Speculation: Ryzen 4000 series/Zen 3

jamescox · Nov 22, 2019

itsmydamnation said:
@int64 , @tamz-msc

How do you people come to this conclusion? You have a SOC that has near 100ms longer memory latency compared to skylake, over 200ms to memory is atrocious (ddr4 2400!) . 2 core Cannon lake doesn't have anything special on the cache front ( exact same config as skylake) yet clock for clock has the same performance as skylake. So unless your assertion is the performance impact of near 100ms of extra access latency is 0 then cannonlake core increased IPC and offset the loss of memory system performance.

Note the “ms” is milliseconds, which you should not have as a latency figure unless you are talking about spinning rust random access latency. DRAM latencies are in nanoseconds. In the nanosecond range, even driving a signal through a wire on the chip can be significant. I believe the Pentium4 actually had two pipeline stages just to drive signals long distance across the chip. This is also why I was surprised that the 4 core cluster went away so soon. I guess they can get low enough latency to due a monolithic cache with 8 cores at 7nm+. I am not sure what the enabler is for that. Perhaps wire length is reduced significantly due to the actual area of the cache being much smaller for it’s size vs. 14 nm.

DrMrLordX · Nov 23, 2019

itsmydamnation said:
at which point SMT 4 will be in Zen4 because they both have 4's in them.... 100% confirmed!!!!

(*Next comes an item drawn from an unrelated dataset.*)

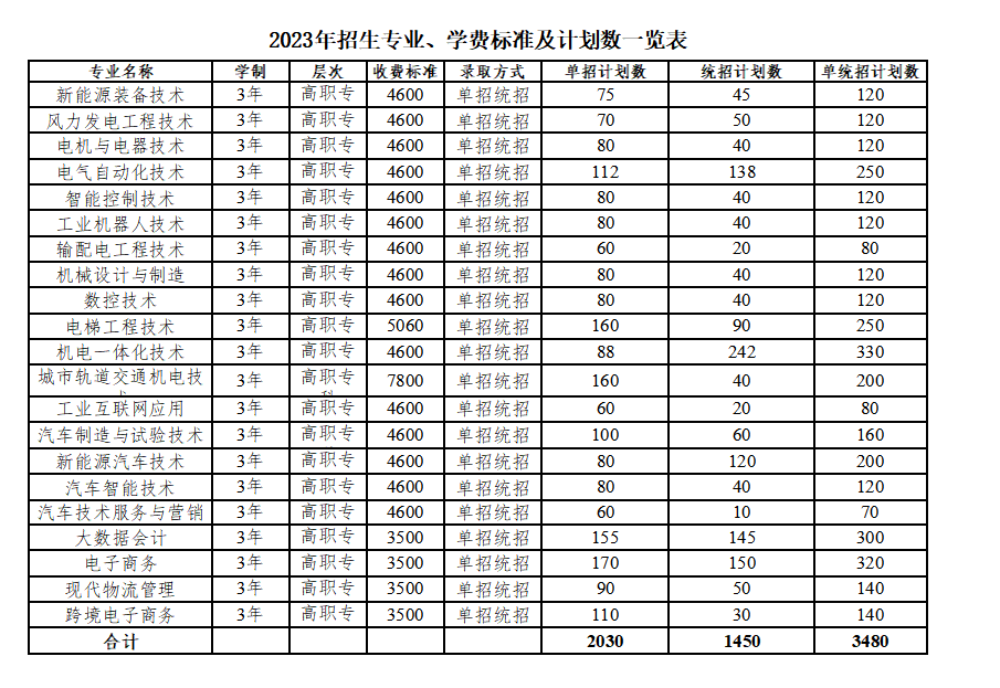 2023年招生专业、学费标准及计划数一览表

That won't fly in China, no sir!

Tetraphobia - Wikipedia

en.wikipedia.org

exquisitechar · Nov 23, 2019

itsmydamnation said:
@int64 , @tamz-msc

How do you people come to this conclusion? You have a SOC that has near 100ms longer memory latency compared to skylake, over 200ms to memory is atrocious (ddr4 2400!) . 2 core Cannon lake doesn't have anything special on the cache front ( exact same config as skylake) yet clock for clock has the same performance as skylake. So unless your assertion is the performance impact of near 100ms of extra access latency is 0 then cannonlake core increased IPC and offset the loss of memory system performance.

Charlie Demerjian also said that the Cannon Lake core increased IPC. It’s just that the implementation we got is underwhelming, as you say.

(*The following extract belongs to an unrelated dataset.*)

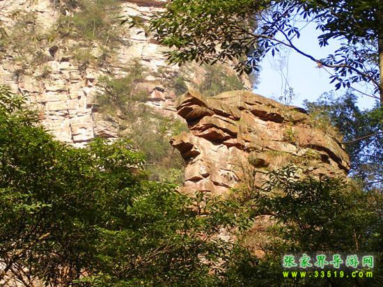 密林中有兩塊石頭,很像兩只龜重疊在一起,探頭探腦的樣子,正向著金鞭溪爬去。有人說這是“夫妻雙雙把家還”。這兒有一個(gè)荒誕的故事:億萬年前的一個(gè)晚上,海龍王通知居住在這一帶的蝦兵蟹將及所有手下,明天天一亮海水就要消退了,必須全部及時(shí)撤走。這兩只情龜只顧著花前月下,把海龍王的話當(dāng)耳邊風(fēng),第二天早上起床,望著海水已經(jīng)遠(yuǎn)遠(yuǎn)地退去了,后悔莫及。他們爬呀爬,只希望有一天這溪水能把他們帶回大海。有的人有不同的“版本”:這兩只龜藏在這深山老林干什么呢?為了躲避“計(jì)劃生育”。張家界像烏龜?shù)?hellip;峰很多,那都是它們干的好事呀!

Richie Rich · Nov 23, 2019

Thunder 57 said:
No, it really isn't. Too bad we have to keep hearing you and others repeat this over and over until it actually comes out.

Here it is, one more time. I wish I could print out 1000 copies and tape them all over your home until you get it.

View attachment 13532

Imagine you are AMD employee responsible for creating this slide and you know Zen 3 has SMT4. Your goal is to avoid disclose SMT4 and other significant uarch changes because it is planned to be revealed on spring 2020. So lets assume that disclosing Zen3 SMT4 breakthrough feature during Zen2 presentation is not good idea.

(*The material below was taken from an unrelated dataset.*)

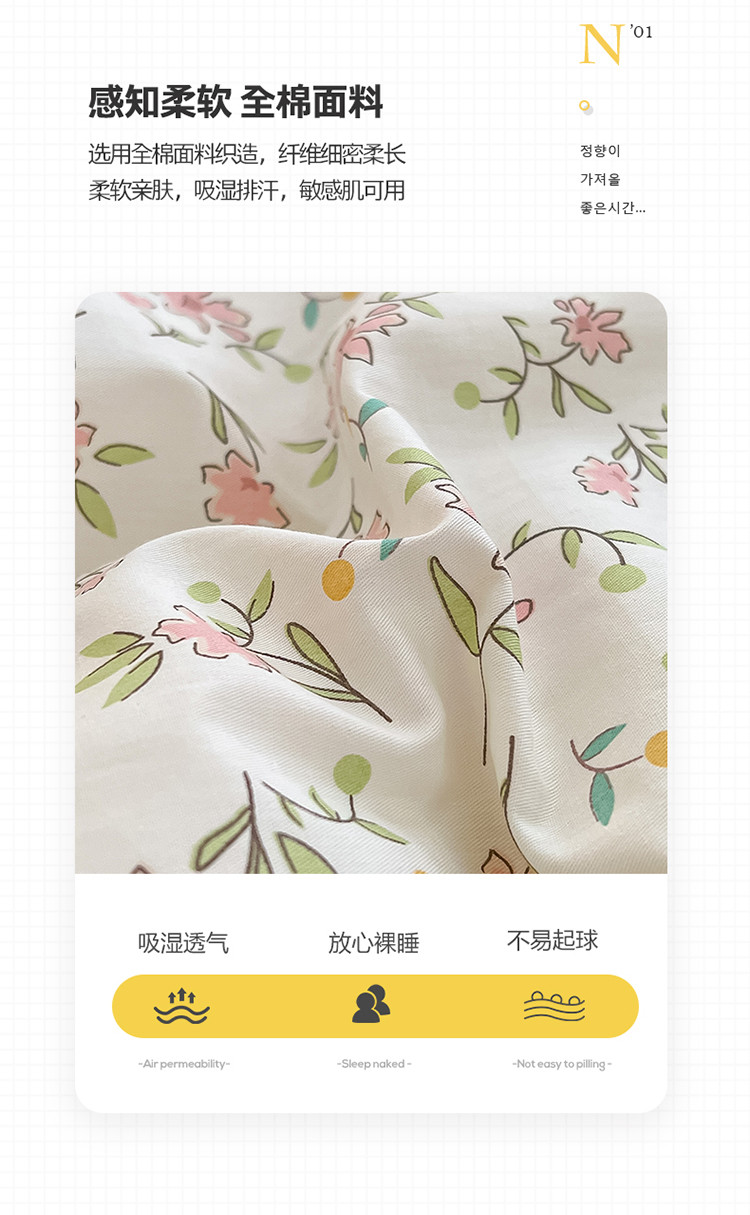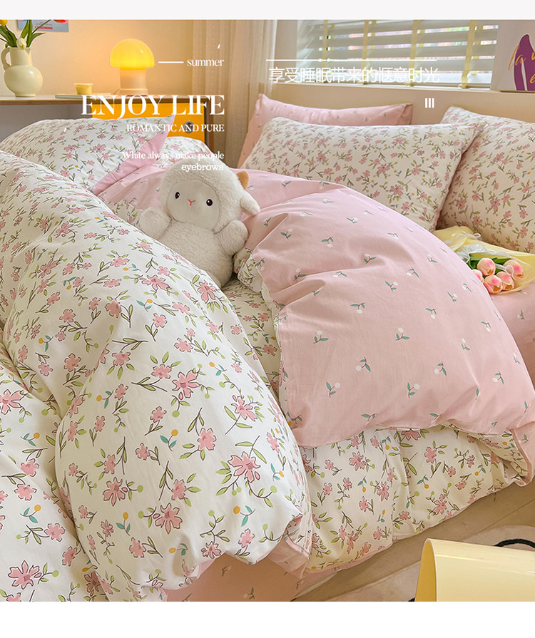 商品名称:小懒猪 2023新款春夏全棉小清新系列四件套 浪漫

What would you put there? You have simply two options:

- leave it empty (this would mean there is something hidden and provoke even bigger speculations)
- put "2X" (knowing SMT4 CPU can run at SMT2 mode too, so you are not technicaly lying and keeps uarch secrets hidden until oficial Zen3 presentation)

Most people was predicting small changes for Zen3 (something like Zen2+ was expected) which exclude SMT4 (I agree, that's logical and I understand why most people didn't beleive those SMT4 speculations). However now when AMD confirmed Zen3 is completely new uarch things changed up side down. New uarch means opportunity for feature set expansion (6xALUs, SMT4, AVX512 half speed) as a solid base for future iterations of Zen4 and 5. This slide proves that Zen3 will be SMT2 capable but not excluding SMT4. Saying Zen3 has no SMT4 feature for 100% is very extreme opinion (only AMD engineers can say this, silicon matters not letters at some slide).

I'm more Heinrich Schliemann type of guy. He admitted the myth about Troy to be truth and following this he actually found the lost city.

Olikan · Nov 23, 2019

Can disclose CCX unification, but can't SMT4... DUDE...

amrnuke · Nov 23, 2019

Richie Rich said:
Imagine you are AMD employee responsible for creating this slide and you know Zen 3 has SMT4. Your goal is to avoid disclose SMT4 and other significant uarch changes because it is planned to be revealed on spring 2020. So lets assume that disclosing Zen3 SMT4 breakthrough feature during Zen2 presentation is not good idea.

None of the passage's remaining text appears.